Japanese officials have repeatedly expressed concern over the yen’s rapid depreciation. The country’s Finance Minister reiterated that authorities are prepared to take decisive measures if currency movements become excessive or disorderly. These warnings have kept intervention risks firmly on traders’ radar, especially as the exchange rate approaches levels that previously prompted government action. Market participants remain alert for any signs of direct intervention aimed at stabilizing the currency.
At the same time, some investors believe Japanese authorities may continue relying on verbal warnings rather than immediate market action. Under this scenario, the yen could weaken further, potentially allowing USD/JPY to break decisively above the 162.00 threshold.

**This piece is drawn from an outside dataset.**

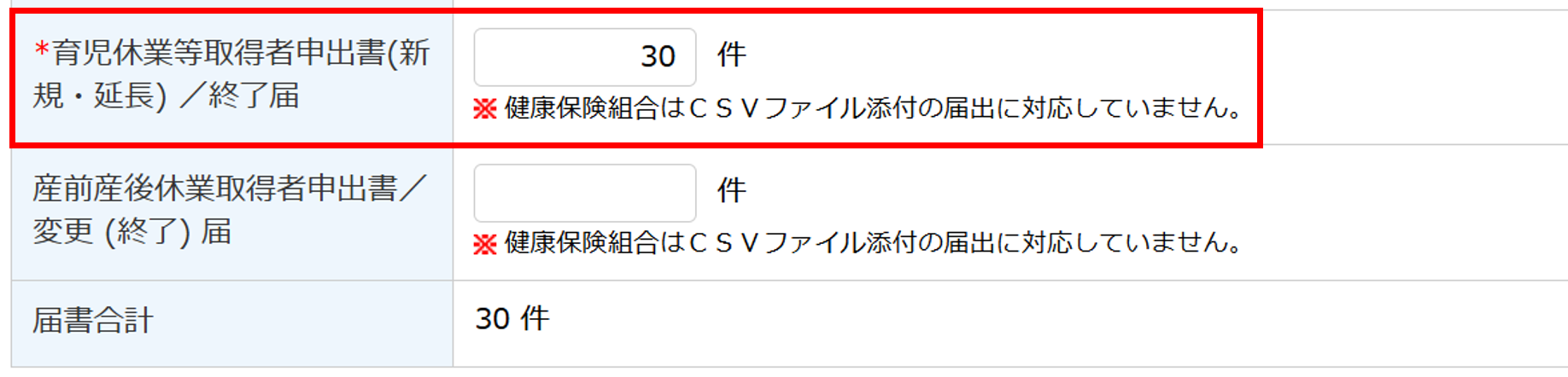 「育児休業等取得者申出書(新規・延長) /終了届」に申請する被保険者数を入力します。

Such an outcome would likely attract additional momentum-driven buying, particularly if US economic data and Federal Reserve policy expectations continue to favor the dollar.
On Monday, the Japanese yen traded around 161.5 per dollar, hovering near its weakest level since 1986. The currency has now erased all the gains achieved after the record-sized intervention conducted on April 30. Although the Bank of Japan has continued its policy normalization efforts, including a recent 25-basis-point rate increase that lifted interest rates to 1%, the yen remains under pressure. Persistent carry-trade demand and the substantial interest-rate differential between Japan and the United States continue to encourage investors to maintain short yen positions, limiting the impact of both policy tightening and official warnings.